Leave out every picture, and return exactly the lines from the line containing "實拍秋裝新款修身麂皮絨風衣春秋韓版中長款鹿皮絨外套 /" through the end of the records below, both inclusive.

-*-*-

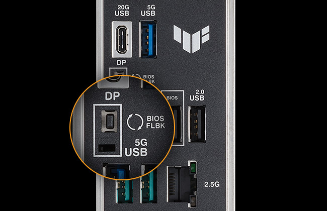 Funkce BIOS FlashBack zjednodušuje aktualizace systému BIOS. Stačí nahrát soubor BIOSu na USB flash disk FAT32, vložit jej do portu BIOS FlashBack a stisknout tlačítko - není potřeba procesor ani paměť.
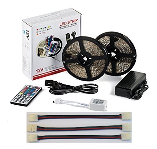 LED Strip Lights Kit 32.8 FT 10M RGB 5050 IP65 Waterproof 6A IR Controller 5A Power Supply 44 Key Color Changing Remote Control Stage Lighting Dimmable Accent Lights Home & Outdoor Lighting
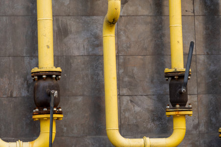 Yellow gas pipelines run along a weathered gray wall, unveiling a blend of modern engineering and industrial aesthetics. Valves create connections, reflecting the energy system's intricate design.
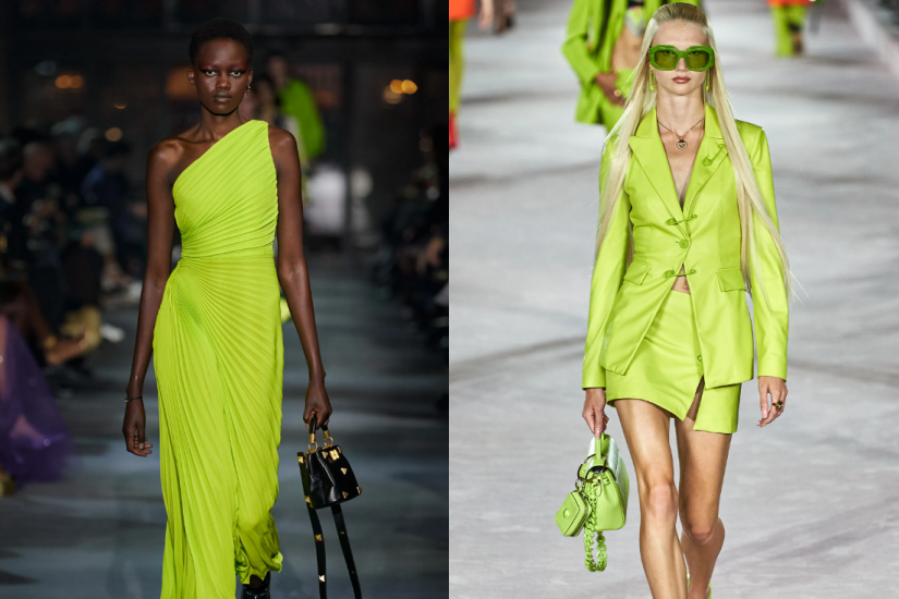 各大時裝品牌的 2022 春夏系列,如 Versace、Valentino、Stella McCartney 、Erdem 等都可以找到其蹤影,由俐落型格的西裝造型,到華麗的珠片禮服設計,都展現出 Lime Green 的色彩魅力。
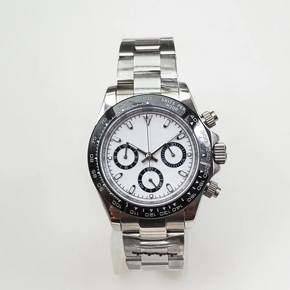 Хронограф кварцевые часы Мода 39 мм сапфировое стекло серебряный корпус стерильный циферблат 316L браслет из нержавеющей стали A5
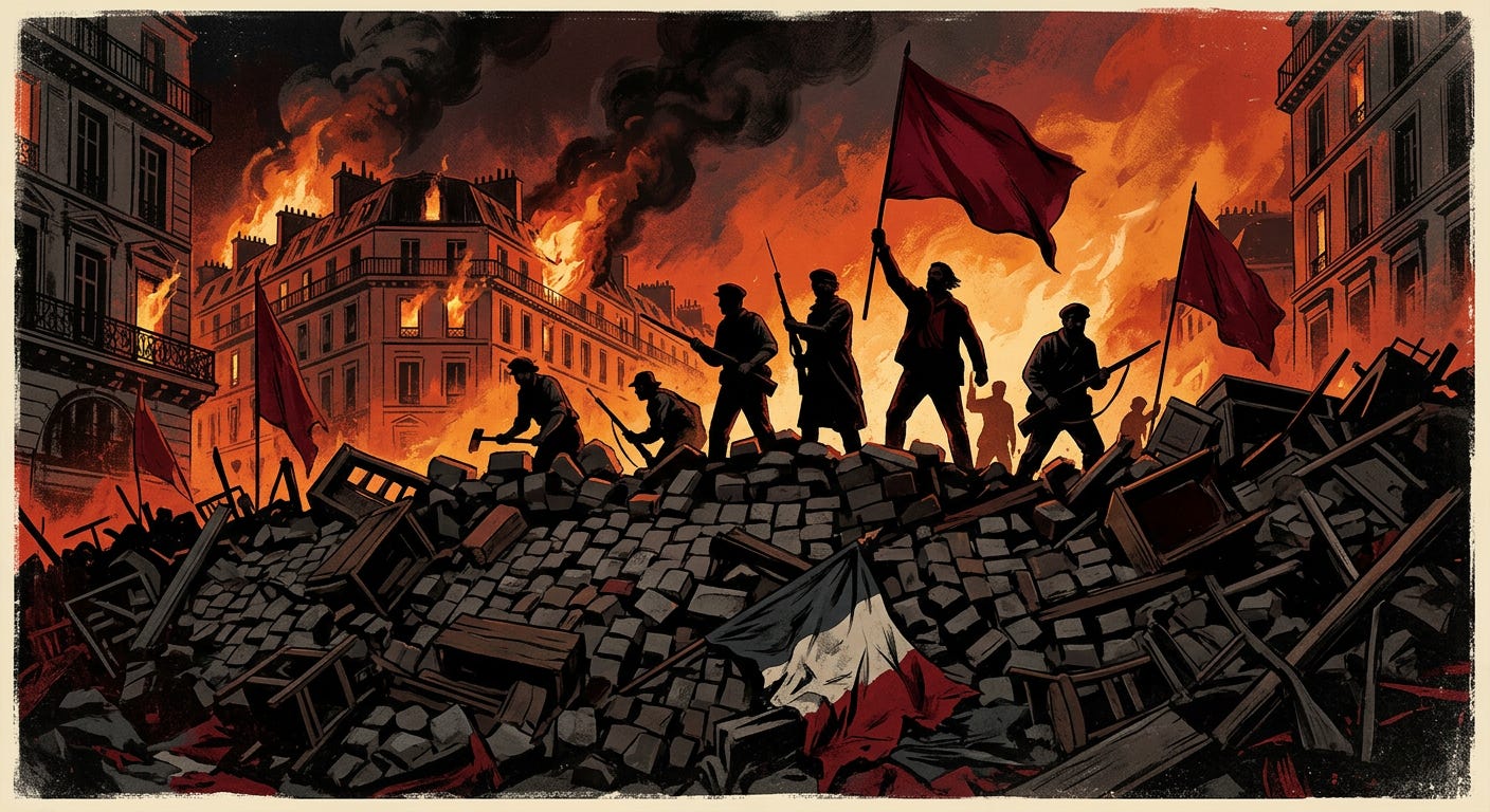 Marx, in The Civil War in France, noted the presence of Jacobin bourgeois radicals among the Communards, but emphasized that the Commune marked the *terminus* of that radical tradition. Its defeat cleared the way for the Third Republic—a stable form of bourgeois rule precisely because it abandoned the revolutionary fervor of its predecessors. From 1789 to 1871: eighty-two years of revolutionary upheaval, restoration, and renewed revolutionary advance before the French bourgeoisie secured a state form adequate to its class dictatorship.
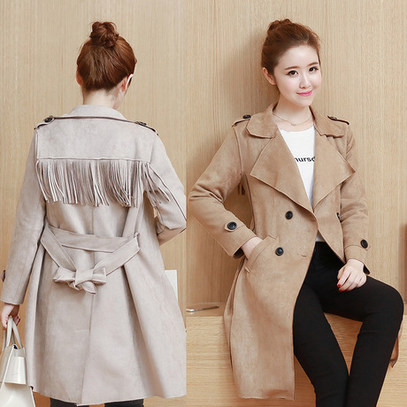 實拍秋裝新款修身麂皮絨風衣春秋韓版中長款鹿皮絨外套 /
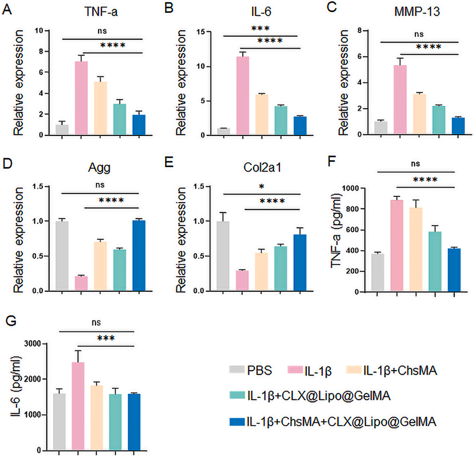 图4.ChsMA+CLX@Lipo@GelMA双层微球可减轻IL-1β诱导的炎症,促进软骨合成代谢,抑制分解代谢。
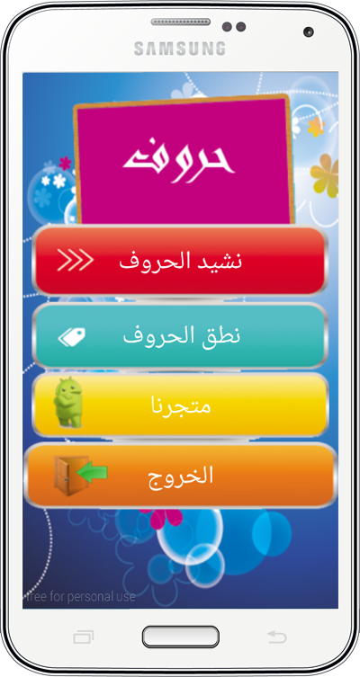 من خلال هذا التطبيق يمكنك تعليم الحروف العربية بشكل مبسط و ممتع لطفلك.
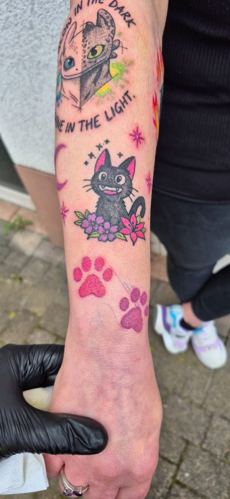 Als erfahrene Tätowiererin biete ich neben traditionellen Tattoo-Stilen auch Watercolor Tattoos an. Diese einzigartige Technik, die an die fließenden Pinselstriche und sanften Farbverläufe der Aquarellmalerei erinnert, fasziniert mich besonders. Wenn du ein Tattoo suchst, das durch leuchtende Farben und kreative, fließende Formen besticht, kann ich dir helfen, dein Wunschmotiv in diesem Stil umzusetzen.

-*-*-

*Response to this task:*
 實拍秋裝新款修身麂皮絨風衣春秋韓版中長款鹿皮絨外套 /
 图4.ChsMA+CLX@Lipo@GelMA双层微球可减轻IL-1β诱导的炎症,促进软骨合成代谢,抑制分解代谢。
 من خلال هذا التطبيق يمكنك تعليم الحروف العربية بشكل مبسط و ممتع لطفلك.
 Als erfahrene Tätowiererin biete ich neben traditionellen Tattoo-Stilen auch Watercolor Tattoos an. Diese einzigartige Technik, die an die fließenden Pinselstriche und sanften Farbverläufe der Aquarellmalerei erinnert, fasziniert mich besonders. Wenn du ein Tattoo suchst, das durch leuchtende Farben und kreative, fließende Formen besticht, kann ich dir helfen, dein Wunschmotiv in diesem Stil umzusetzen.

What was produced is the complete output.